Part one of the “Lost Arts” series detailed the intricacies of binocular indirect ophthalmoscopy and provided tips for scleral depression (see A Refresher on Scleral Depression, August 2013). This installment focuses on a skill that many optometrists perform on a routine basis––fundus biomicroscopy.

A dilated fundus examination with slit-lamp biomicroscopy is essential to a complete stereoscopic health evaluation of the optic nerve, macula, vitreous and retina. But do you remember the “tricks of the trade” that experts use to maximize performance? Here are six tips to improve your examination skills.

1. Use Your Tools Effectively
Many optometrists have a favorite fundus biomicroscopy lens for general applications. Just keep in mind, depending upon the condition being examined, you can select from a variety of lenses that can be used in concert to maximize your view of the patient’s retina.

1. Be sure to use disc diameters when determining the size and location of retinal lesions.
For example, the optic nerve and macula are best examined through a low-dioptric (60D) biomicroscopy lens. These low-powered lenses permit greater magnification without requiring the examiner to use the high mag of the biomicroscope, which can yield a slightly hazy view due to diffraction.

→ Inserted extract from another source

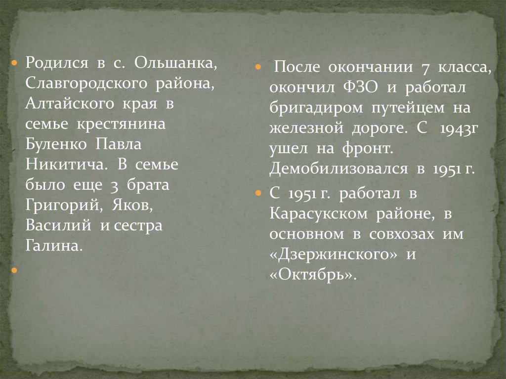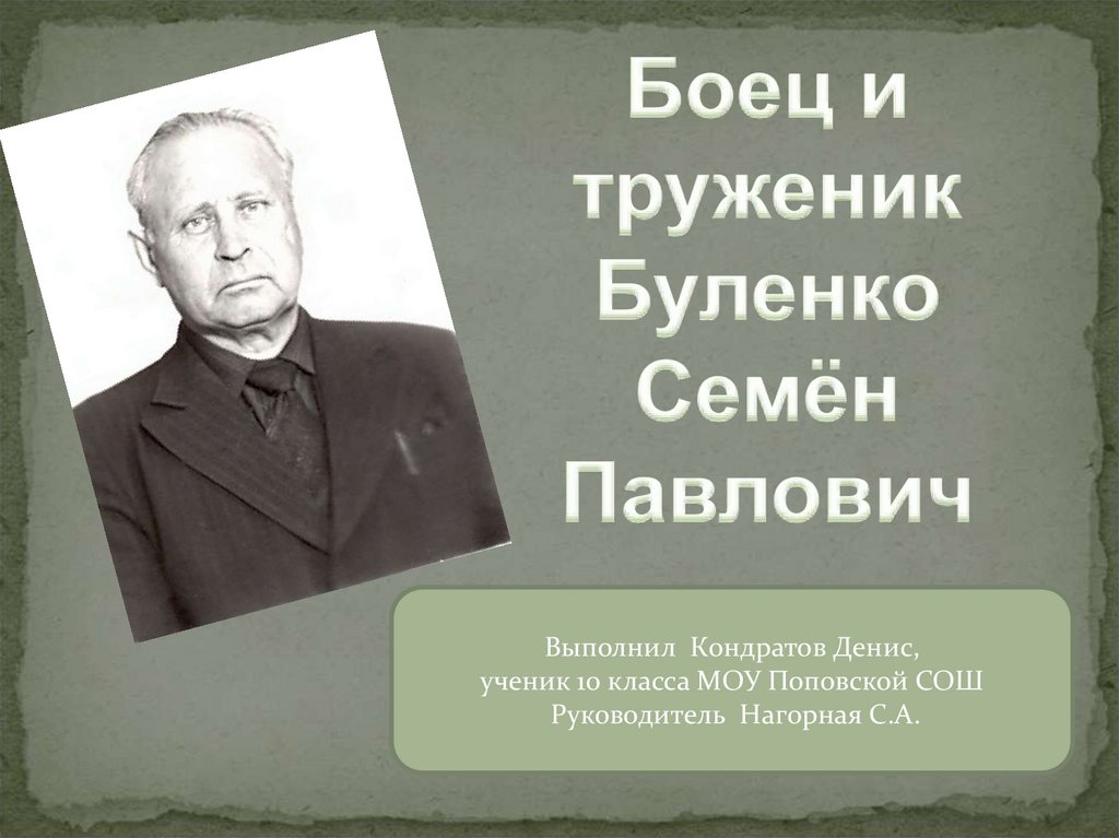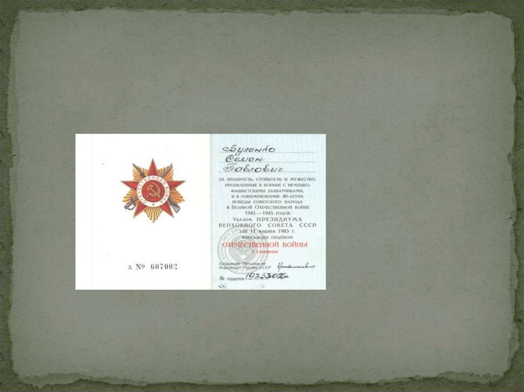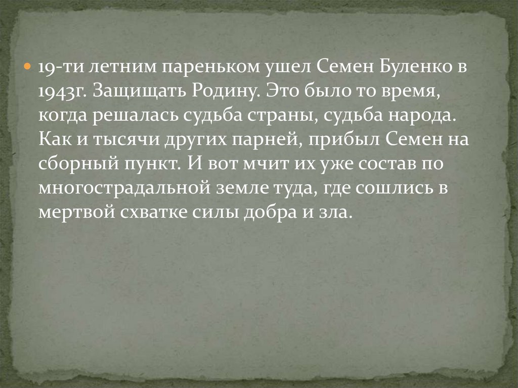 19-ти летним пареньком ушел Семен Буленко в1943г. Защищать Родину. Это было то время,

Additionally, with such high magnification, the examiner can acquire a clear, detailed view of the neuroretinal rim tissue. This is essential in the diagnosis and management of glaucoma, or when visualizing neovascularization of the disc.

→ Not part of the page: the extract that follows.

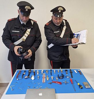 Durante il controllo a carico di uno dei due uomini è stata rinvenuta una modesta quantità di hashish. Ma non è finita qui. I carabinieri, approfondendo i controlli, hanno trovato anche numerosi orologi, preziosi, occultai nelle fodere di alcune borse, così come un pc portatile e una macchina fotografica di valore. Il contesto è apparso da subito come quello di una gang dedita presumibilmente a furti in appartamento, su auto in sosta e quant’altro. La perquisizione ha permesso di scovare anche la chiave di un’auto, una Lancia Y parcheggiata in una vicina area, anch’essa provento di un furto commesso a Roma a marzo.
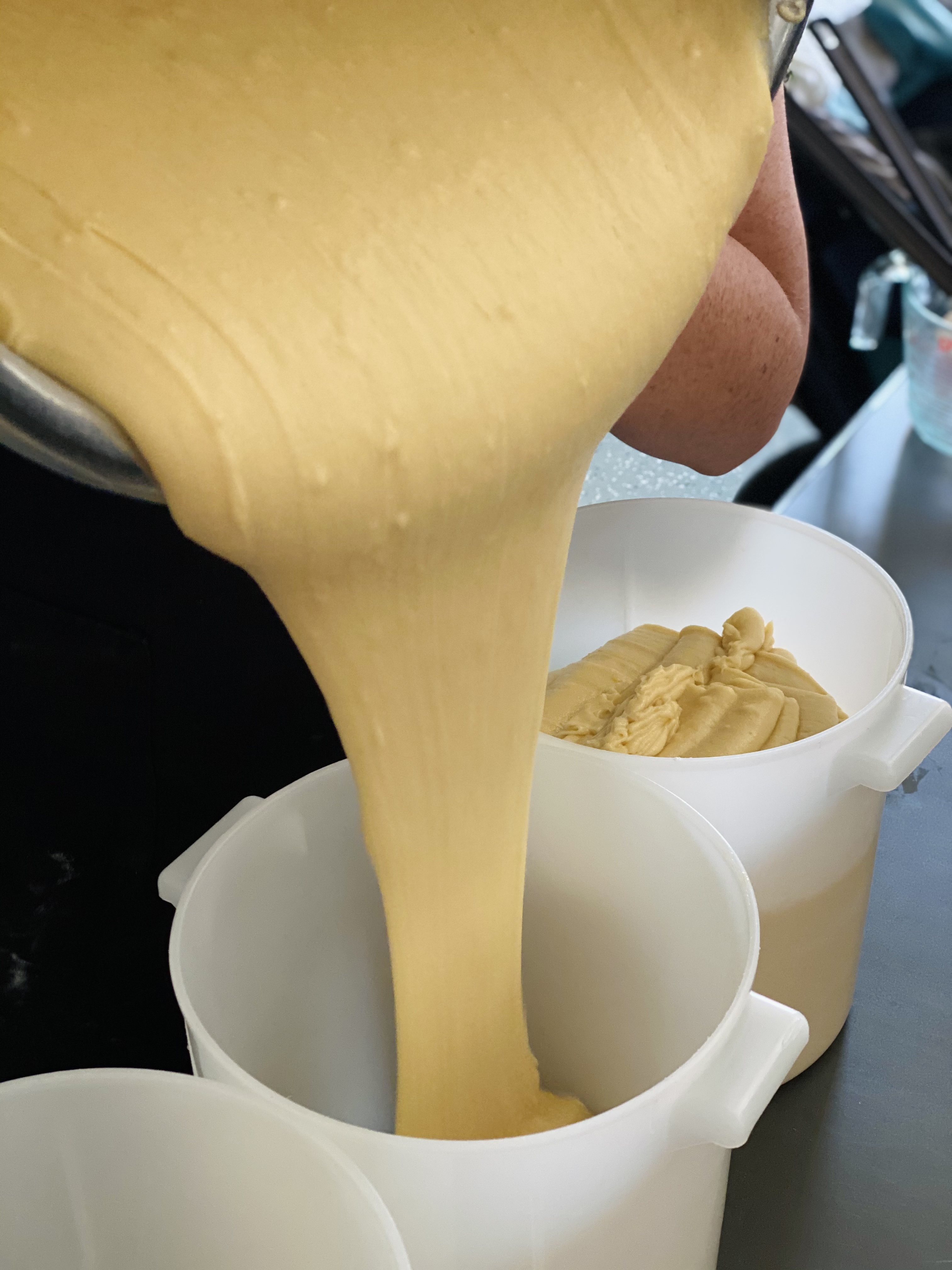On an average summer day, we can go through about 250 of our gluten-free waffle cones (that’s a mix of traditional and chocolate-dipped). These crispy confections are a real labor of love. We make multiple batches of our batter nearly every day in the summer. It's a big ol’ task!

Further, a detailed view of the macula is essential when observing the internal limiting membrane, identifying a subtle epiretinal membrane or examining for retinal pigment epithelium (RPE) changes indicative of early macular disease.

Any biconvex fundus biomicroscopy lens produces an inverted image. Anatomically, the optic nerve appears nasal to the fovea. When viewing through a biconvex fundus lens, the optic nerve looks to be temporal to the nerve and the superior retina appears inferiorly.

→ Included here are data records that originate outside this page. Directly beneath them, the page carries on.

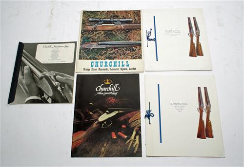 SEVEN CHURCHILL (GUNMAKERS) CATALOGUES PLUS FLYER, 1963-1981, a) CHURCHILL'S 1963 ORANGE STREET gun catalogue with a Churchill 12 bore Premier with 25 in barrels and a Churchill de Luxe Sporting rifle
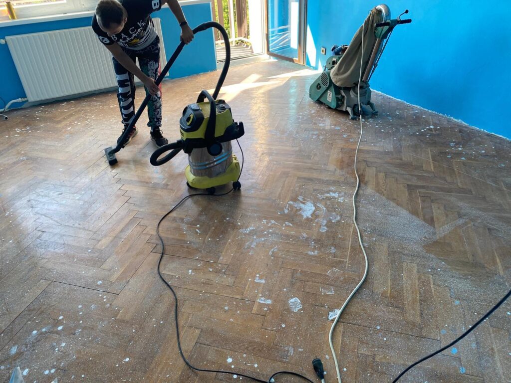 Projekt spočíval v kompletní renovaci dřevěných parket ve stylu rybího vzoru. Původní podlaha po letech užívání ztratila lesk a vykazovala známky opotřebení, které znehodnocovaly celkový vzhled interiéru.
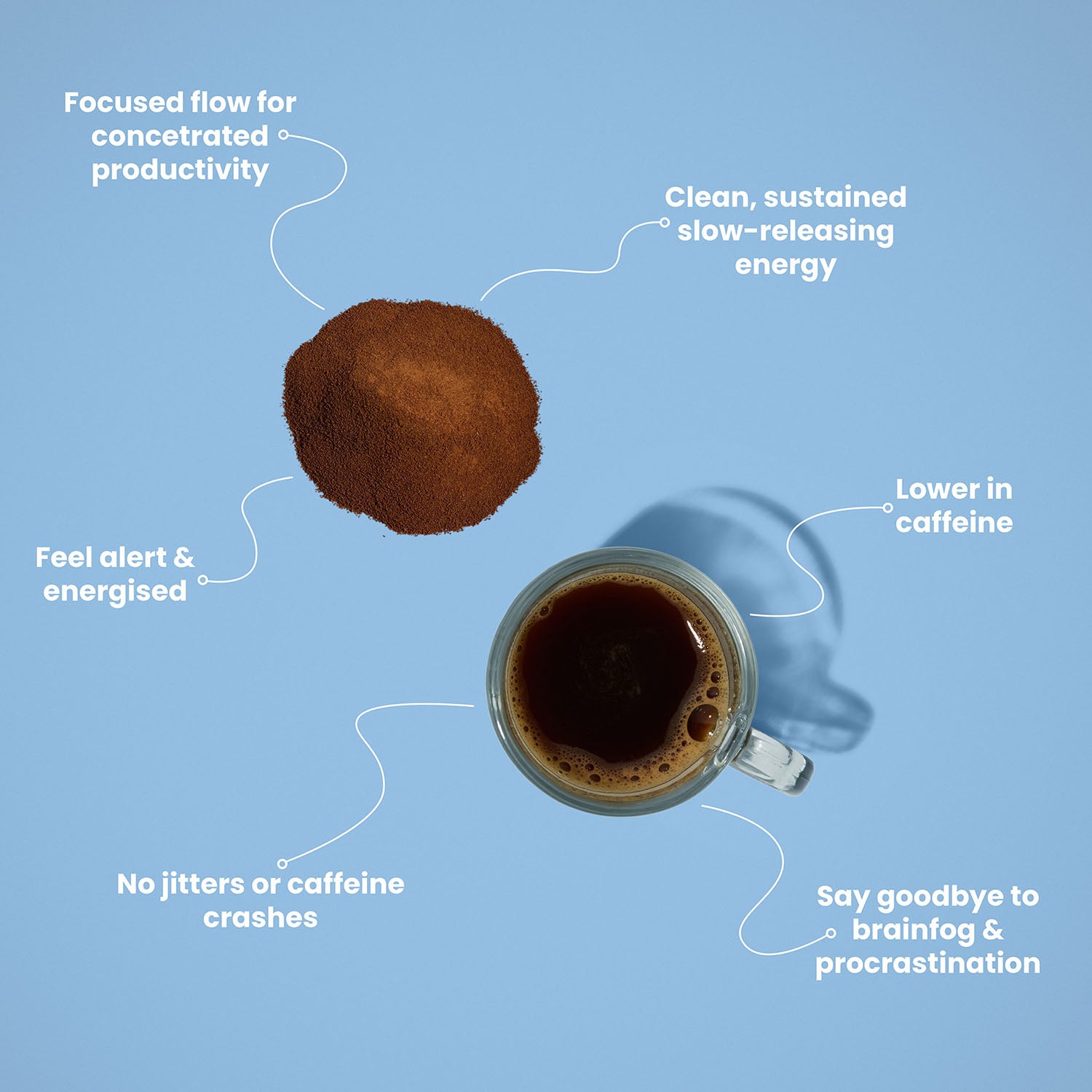 I have swapped from coffee pods to the mushroom coffee and I feel so alert and awake! No more crash mid morning! Highly recommend!
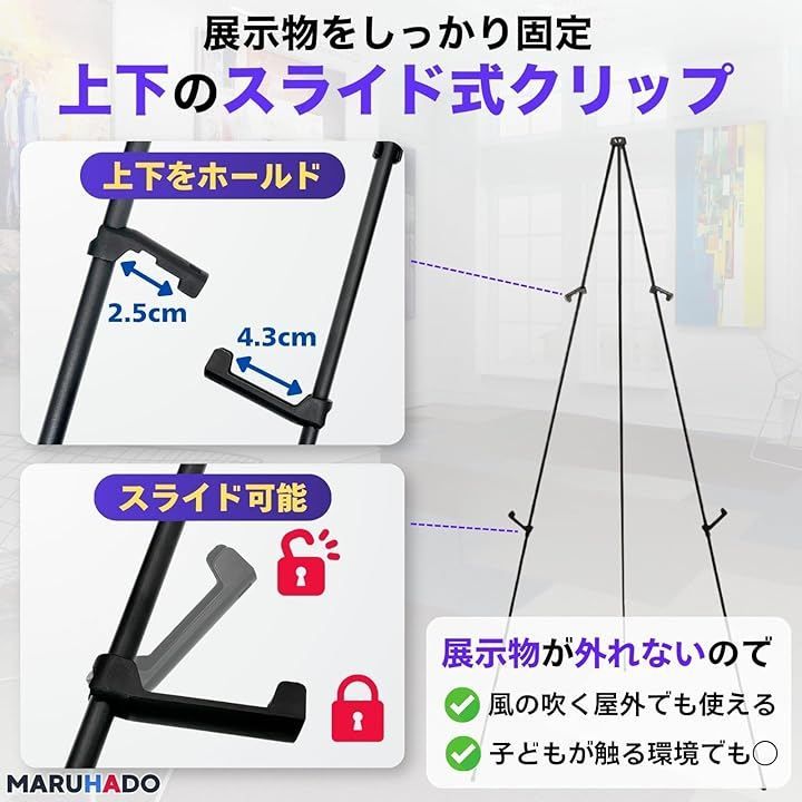 「多用途で汎用性抜群」高さ調整可能なクリップで絵画、ポスター、ウェルカムボードなど様々な掲示物に対応。
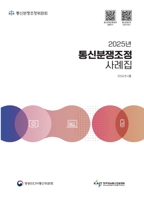 방송미디어통신위원회는 30일 통신서비스 이용 계약 및 해지, 속도 품질 등 서비스 이용 과정에서 발생한 다양한 분쟁 사례를 유형별로 엮은 ‘2025년 통신분쟁조정 사례집’을 발간했다고 밝혔다.

At first, it is easy to forget this principle; however, it is absolutely essential to record a lesion’s correct location. For example, when observing the area near the first arterial bifurcation through a biomicroscopy lens, any lesion that appears in the superior portion of the view actually is located inferiorly in the eye. As such, the entity should be documented accordingly in the medical record.

After performing binocular indirect ophthalmoscopy (BIO), it may be useful to examine a peripheral retinal lesion in more detail via slit-lamp biomicroscopy. Peripheral fundus lesions are seen well with a high-powered, non-contact lens such as a 90D SuperField (Volk Optical) or an Ocular MaxField Standard 90D (Ocular Instruments).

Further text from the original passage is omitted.